Organisations du secteur privé. Ces organisations, y compris les entreprises d'économie mixte, jouent un rôle important en matière de forêts et industries forestières. Elles couvrent un large éventail: propriétaires forestiers privés, individus ou sociétés, entreprises industrielles privées utilisant le bois et autres produits forestiers, firmes commerciales privées, sociétés privées de services dans le secteur des forêts et des industries forestières. Elles sont toutes représentées au niveau rural, soit directement soit par l'intermédiaire d'agents et d antennes sur le terrain, suivant la taille de l'entreprise. Outre les emplois et les revenus qu'elles apportent en zones rurales, ces organisations privées offrent encore d'autres possibilités de développement.

Les industries de transformation, qui font appel à une large gamme de techniques, peuvent aller de petits ateliers artisanaux non mécanisés à de grandes usines de transformation. Même lorsque de grandes unités industrielles telles qu'usines de pâte ou fabriques de contre-plaqué sont implantées en zones urbaines ou périurbaines, elles conservent des liens très forts avec les zones rurales pour leurs approvisionnements en matières premières et autres facteurs de production. Il est par conséquent de l'intérêt des entreprises industrielles - scieries, usines de pâte et papier, industries des tabacs, fabriques d'allumettes, industries résinières - d'encourager et de soutenir la production de matières premières forestières en passant l'accords techniques et commerciaux satisfaisants. A longue échéance, les entreprises privées elles-mêmes ne peuvent qu'y gagner en aidant les ruraux à améliorer leur savoir-faire et leurs capacités techniques.

Une interaction libre et harmonieuse des organisations forestières privées et locales au niveau rural est une condition indispensable au développement de la forêt pour le bien des ruraux.
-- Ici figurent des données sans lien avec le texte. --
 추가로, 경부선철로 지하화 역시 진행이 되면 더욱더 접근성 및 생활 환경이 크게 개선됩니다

Les exemples d'entreprises qui se sont associées avec succès à des groupes ruraux ne manquent pas. Celui de la Paper Industries Corporation of the Philippines (PICOP) est bien connu. Toutefois, les petits producteurs de bois et autres produits de la forêt, ainsi que les artisans ruraux, sont très souvent handicapés par l'absence de débouchés commerciaux accessibles et par les méthodes d'acheteurs monopolistes. Les intermédiaires, les sous-traitants et les revendeurs ont tendance à exploiter les petits producteurs pour peu qu'ils ne soient pas organisés. Cette exploitation touche également la main-d'œuvre rurale employée en forêt. L es organisations locales sont donc particulièrement salutaires pour les couches les plus désarmées de la société rurale.

Organisations forestières locales. L'absence de bonnes organisations locales est un obstacle majeur à la réussite des programmes forestiers au niveau rural, et a parfois même aggravé les conséquences fâcheuses de certains programmes forestiers, comme le montre De Aths (1980) à propos du Gogol Timber Project en Papouasie-Nouvelle-Guinée. Même les simples coopératives sont beaucoup moins connues et répandues dans le secteur forestier qu'en agriculture (Digby et Edwardson, 1976).
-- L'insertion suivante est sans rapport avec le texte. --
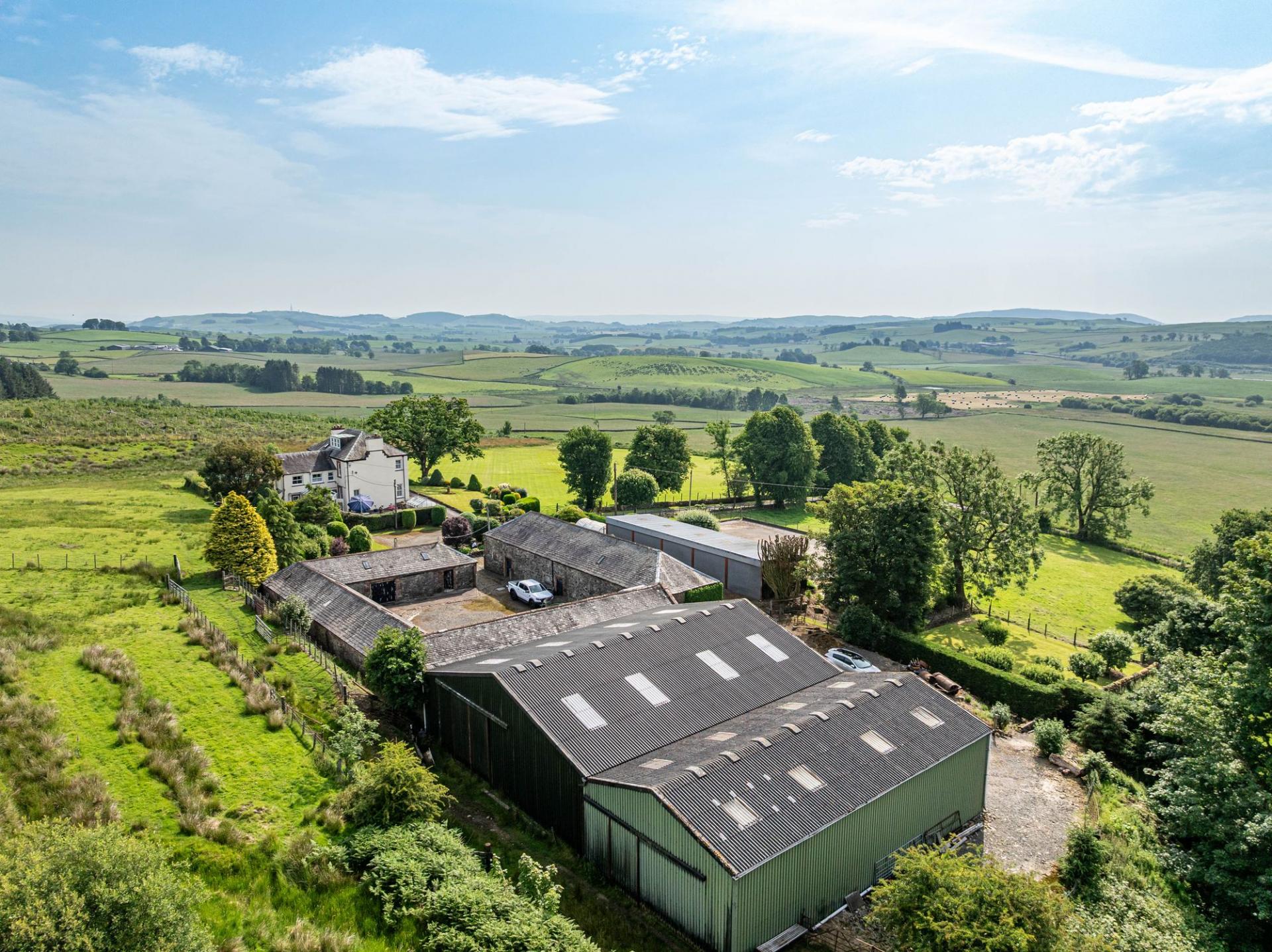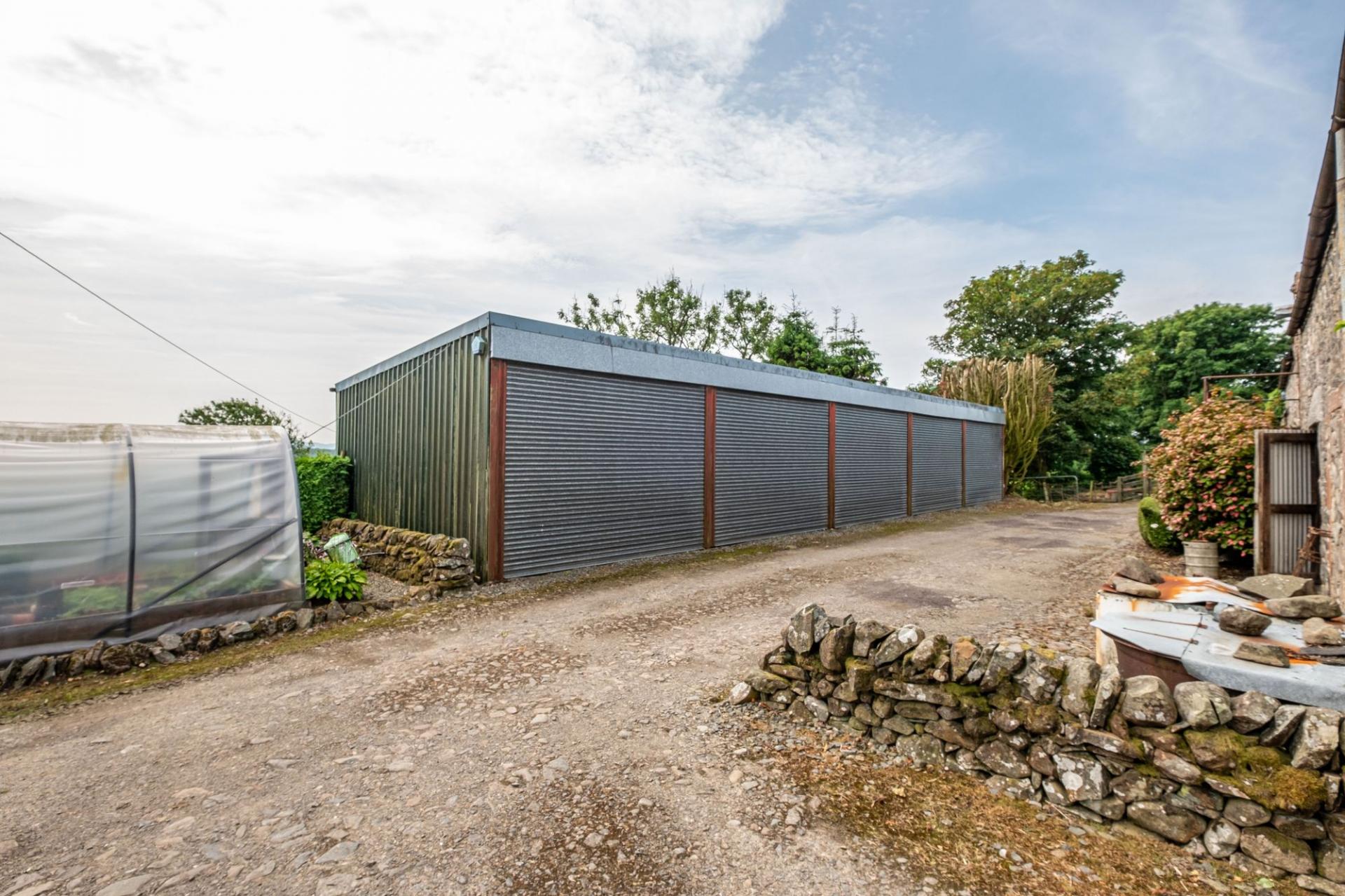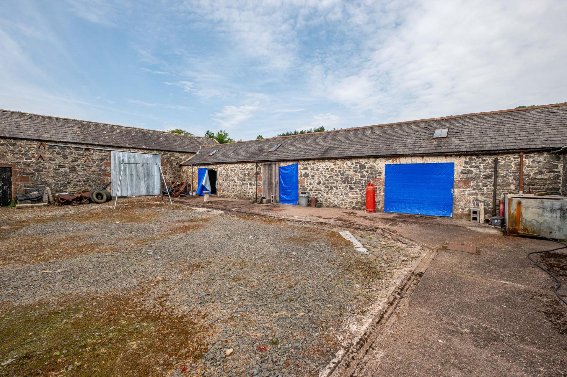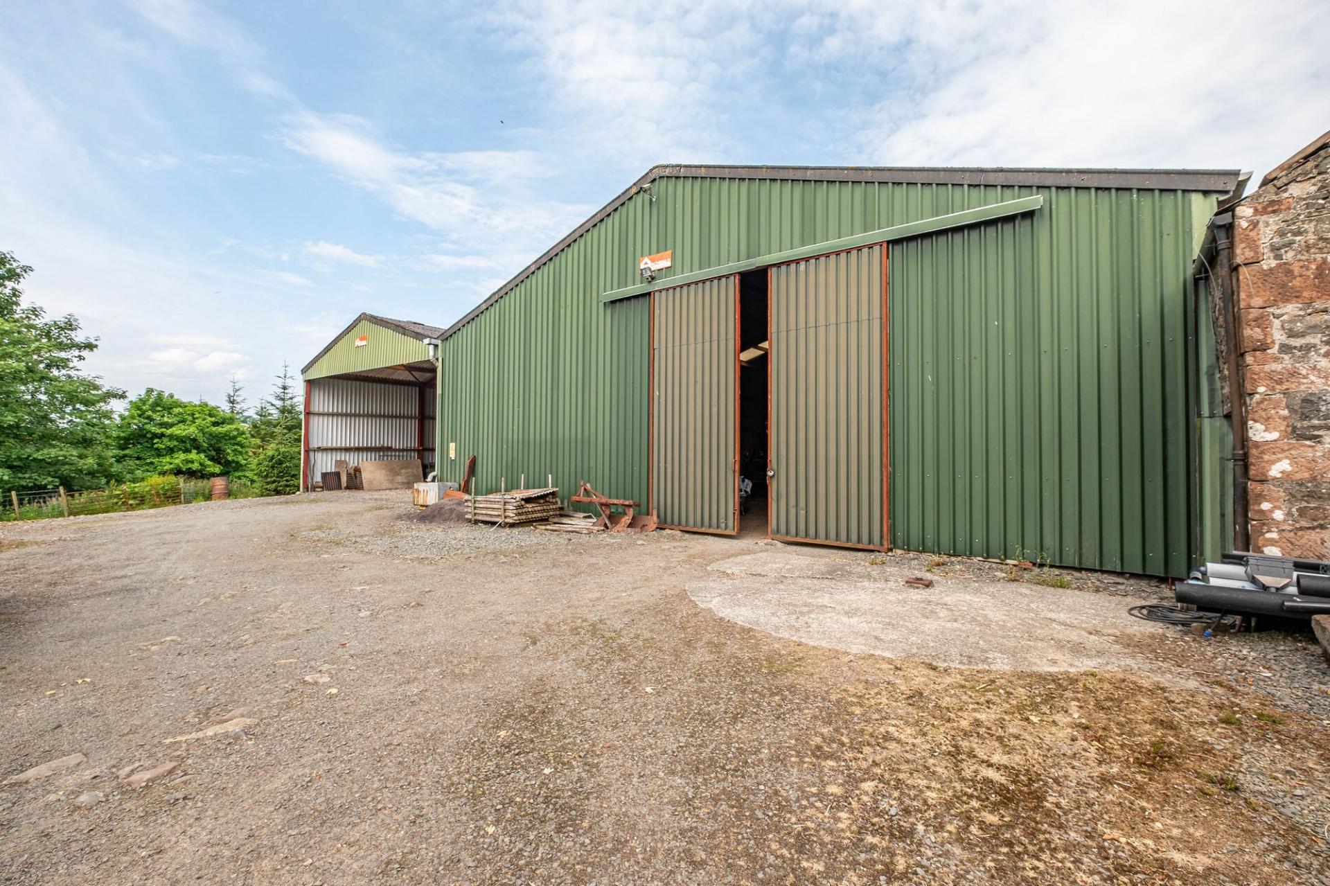 Larglanglee offers an extensive range of outbuildings, suitable for a variety of uses. The stone steading is very attractive, laid out as a square shape with inner courtyard. Within the steading is storage for the biomass boiler and pellets, former stables and loose boxes, a long barn, and a large workshop with a former hayloft above, accessed via external stone steps. There are two modern steel frame agricultural buildings (one open fronted) and a monopitch steel framed storage unit with five roller doors. Ideal business/lifestyle or equestrian opportunities.

Plusieurs gouvernements viennent de prendre des initiatives pour promouvoir des institutions locales dans le secteur forestier. Certaines réussites témoignent de leur utilité et de leur opportunité.

Autres organisations locales. Elles comprennent diverses formes de groupements non gouvernementaux tels que coopératives, associations d'agriculteurs, unions de fermiers et fédérations ethniques, qui sont responsables à des degrés divers devant leurs membres. Les instances locales élues (assemblées ou conseils de village) et les organisations politiques à la base sont également parfois incluses dans cette catégorie générale. Ces organisations locales sont définies comme étant des institutions à part entière, ayant leurs buts propres qu'elles atteignent en appliquant des décisions collectives et en observant des règles communes. Leur mode de fonctionnement s'appuie sur le principe «de la base vers le sommet», en vertu duquel elles peuvent comporter des rapports verticaux qui leur acquièrent des liens avec des niveaux d'organisation plus élevés que celui de la communauté villageoise, jusques et y compris des institutions nationales.

Les organisations locales ne se substituent pas aux secteurs public et privé en matière de services, d'investissements et d'activités. Elles ont plutôt pour rôle de combler le vide organique qui existe entre l'administration et les collectivités rurales. Elles expriment les intérêts et les aspirations de ces dernières et sensibilisent les services officiels à leurs besoins individuels et collectifs. Elles représentent aussi des entreprises collectives visant à répondre à des besoins que ne peuvent satisfaire des entreprises privées à but lucratif. Enfin, elles sont de nature à stimuler le développement rural. On a souvent constaté que leur absence était un obstacle majeur à ce développement. Elles constituent par conséquent un «tiers secteur», à cheval entre les secteurs public et privé (Esman et Uphof, 1982).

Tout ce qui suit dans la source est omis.